### SUPPLIED MATERIAL

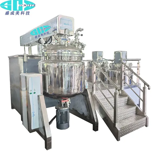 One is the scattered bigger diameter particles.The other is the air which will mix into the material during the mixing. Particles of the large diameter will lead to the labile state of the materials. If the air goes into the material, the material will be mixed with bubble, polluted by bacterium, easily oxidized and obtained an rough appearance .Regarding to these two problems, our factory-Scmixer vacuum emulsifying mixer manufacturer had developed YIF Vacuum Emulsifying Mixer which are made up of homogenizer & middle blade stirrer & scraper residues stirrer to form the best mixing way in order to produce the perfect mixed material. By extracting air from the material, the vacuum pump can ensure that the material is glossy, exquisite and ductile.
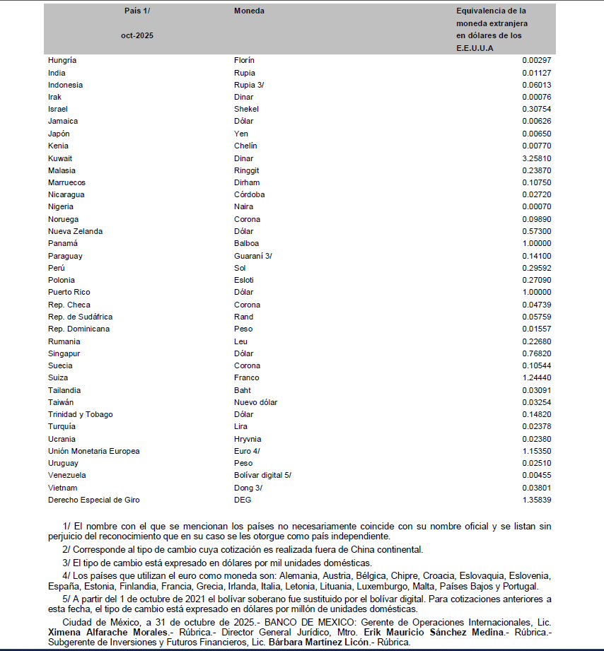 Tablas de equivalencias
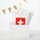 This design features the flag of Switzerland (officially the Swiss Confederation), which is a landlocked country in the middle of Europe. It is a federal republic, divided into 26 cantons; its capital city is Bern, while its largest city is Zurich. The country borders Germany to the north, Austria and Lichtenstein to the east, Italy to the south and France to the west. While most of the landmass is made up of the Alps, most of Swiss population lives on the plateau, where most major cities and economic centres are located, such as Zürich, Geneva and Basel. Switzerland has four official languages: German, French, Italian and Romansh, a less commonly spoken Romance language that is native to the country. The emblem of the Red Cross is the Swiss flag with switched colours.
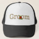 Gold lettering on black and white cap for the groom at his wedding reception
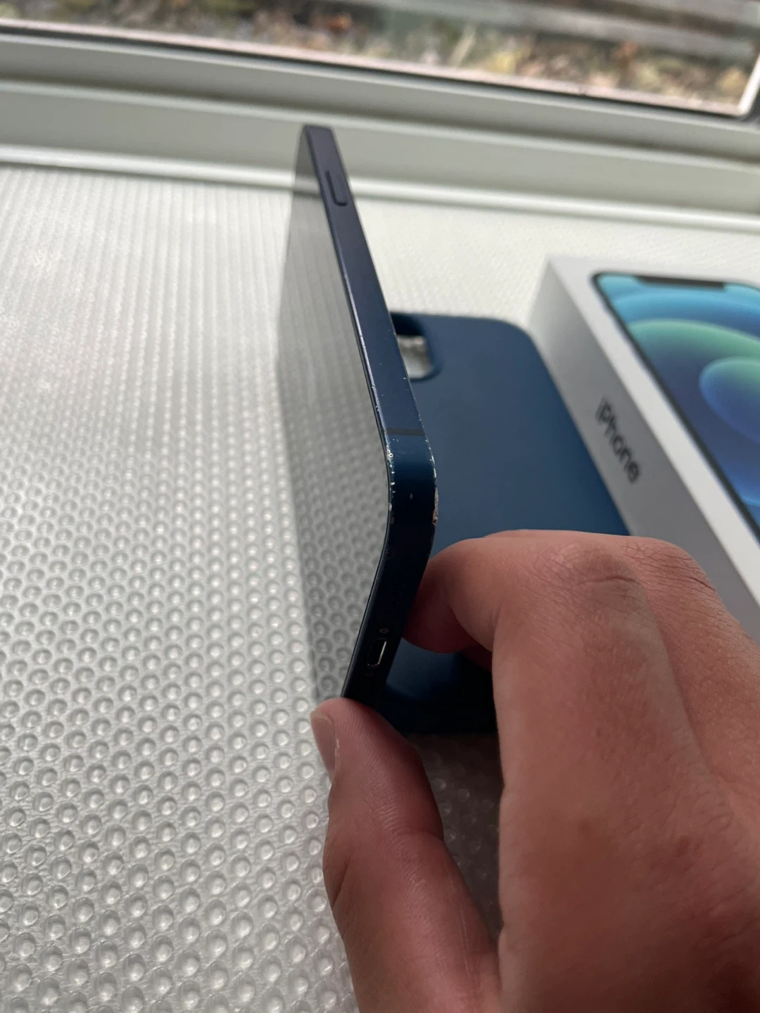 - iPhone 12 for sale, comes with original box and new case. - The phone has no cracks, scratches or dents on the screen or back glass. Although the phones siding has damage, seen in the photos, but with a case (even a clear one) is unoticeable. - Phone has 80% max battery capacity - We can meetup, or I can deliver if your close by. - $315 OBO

--

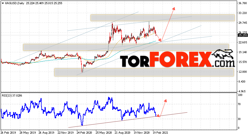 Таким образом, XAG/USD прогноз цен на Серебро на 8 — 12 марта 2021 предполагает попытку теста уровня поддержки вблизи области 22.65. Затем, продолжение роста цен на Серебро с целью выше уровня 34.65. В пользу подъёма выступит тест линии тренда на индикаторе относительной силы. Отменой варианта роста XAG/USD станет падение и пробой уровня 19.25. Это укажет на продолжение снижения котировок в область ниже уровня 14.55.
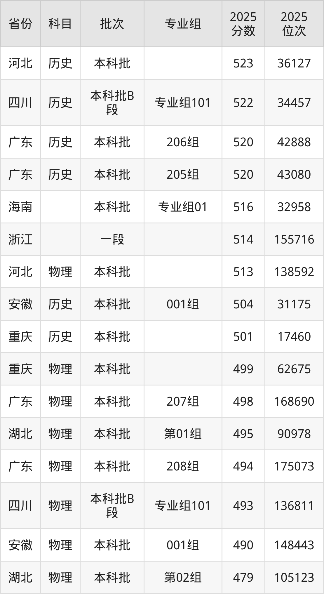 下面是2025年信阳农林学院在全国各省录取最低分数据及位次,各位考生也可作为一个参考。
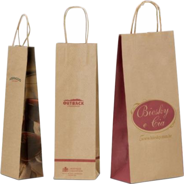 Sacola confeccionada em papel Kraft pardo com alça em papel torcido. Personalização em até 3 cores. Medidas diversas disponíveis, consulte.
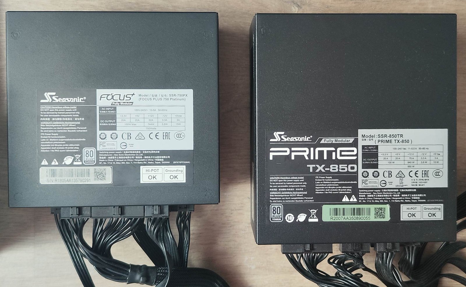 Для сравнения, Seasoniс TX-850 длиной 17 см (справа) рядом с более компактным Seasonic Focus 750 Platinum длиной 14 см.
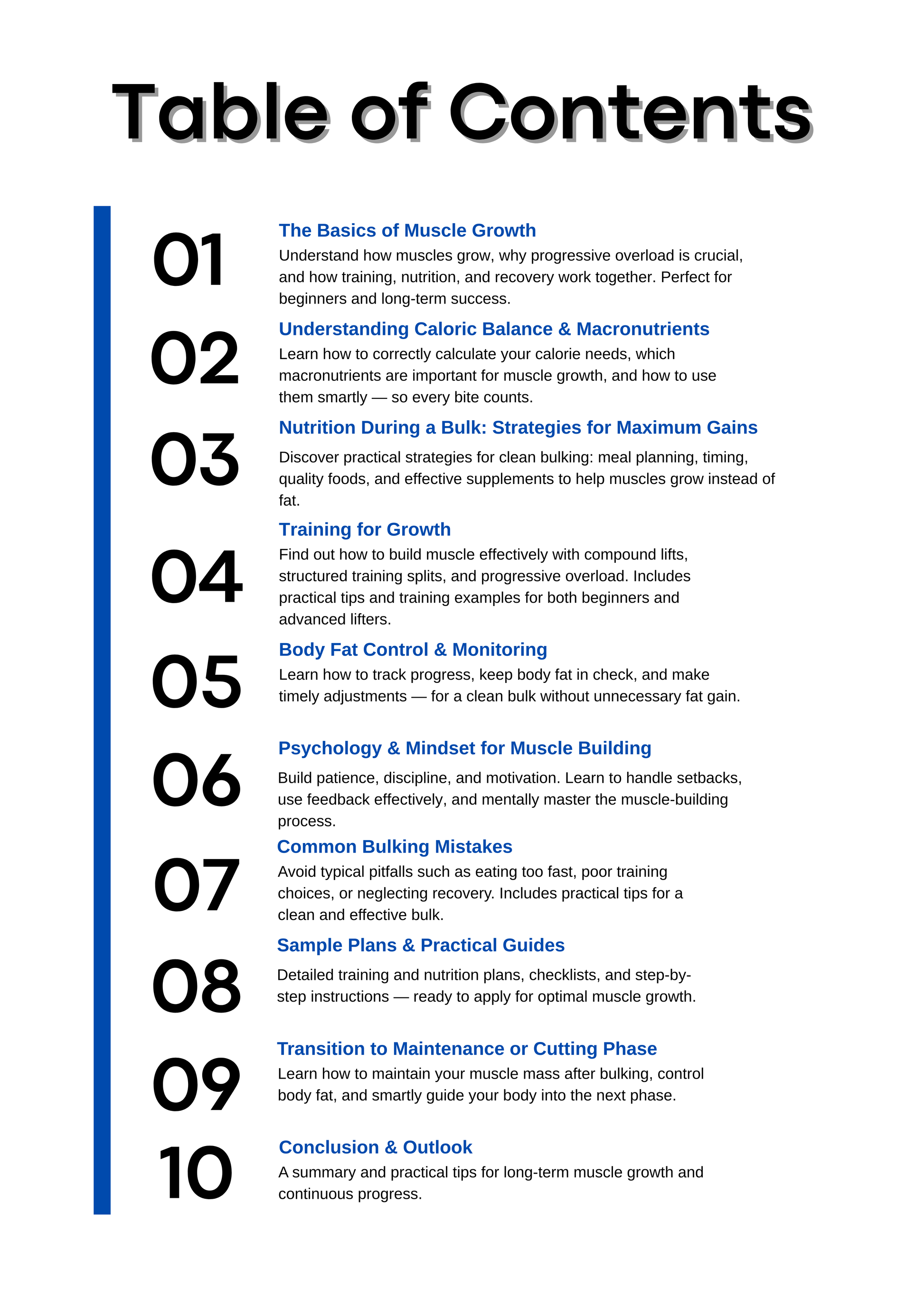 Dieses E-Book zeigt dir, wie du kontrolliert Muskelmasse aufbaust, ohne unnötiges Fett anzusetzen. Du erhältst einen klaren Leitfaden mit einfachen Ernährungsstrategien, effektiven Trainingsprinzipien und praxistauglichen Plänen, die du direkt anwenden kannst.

### INSTRUCTIONS FOR THE TASK
I'd like the lines above repeated exactly, from the one that contains "One is the scattered" through the one that contains "- iPhone 12", with no pictures.

### EXPECTED ANSWER
 One is the scattered bigger diameter particles.The other is the air which will mix into the material during the mixing. Particles of the large diameter will lead to the labile state of the materials. If the air goes into the material, the material will be mixed with bubble, polluted by bacterium, easily oxidized and obtained an rough appearance .Regarding to these two problems, our factory-Scmixer vacuum emulsifying mixer manufacturer had developed YIF Vacuum Emulsifying Mixer which are made up of homogenizer & middle blade stirrer & scraper residues stirrer to form the best mixing way in order to produce the perfect mixed material. By extracting air from the material, the vacuum pump can ensure that the material is glossy, exquisite and ductile.
 Tablas de equivalencias
 This design features the flag of Switzerland (officially the Swiss Confederation), which is a landlocked country in the middle of Europe. It is a federal republic, divided into 26 cantons; its capital city is Bern, while its largest city is Zurich. The country borders Germany to the north, Austria and Lichtenstein to the east, Italy to the south and France to the west. While most of the landmass is made up of the Alps, most of Swiss population lives on the plateau, where most major cities and economic centres are located, such as Zürich, Geneva and Basel. Switzerland has four official languages: German, French, Italian and Romansh, a less commonly spoken Romance language that is native to the country. The emblem of the Red Cross is the Swiss flag with switched colours.
 Gold lettering on black and white cap for the groom at his wedding reception
 - iPhone 12 for sale, comes with original box and new case. - The phone has no cracks, scratches or dents on the screen or back glass. Although the phones siding has damage, seen in the photos, but with a case (even a clear one) is unoticeable. - Phone has 80% max battery capacity - We can meetup, or I can deliver if your close by. - $315 OBO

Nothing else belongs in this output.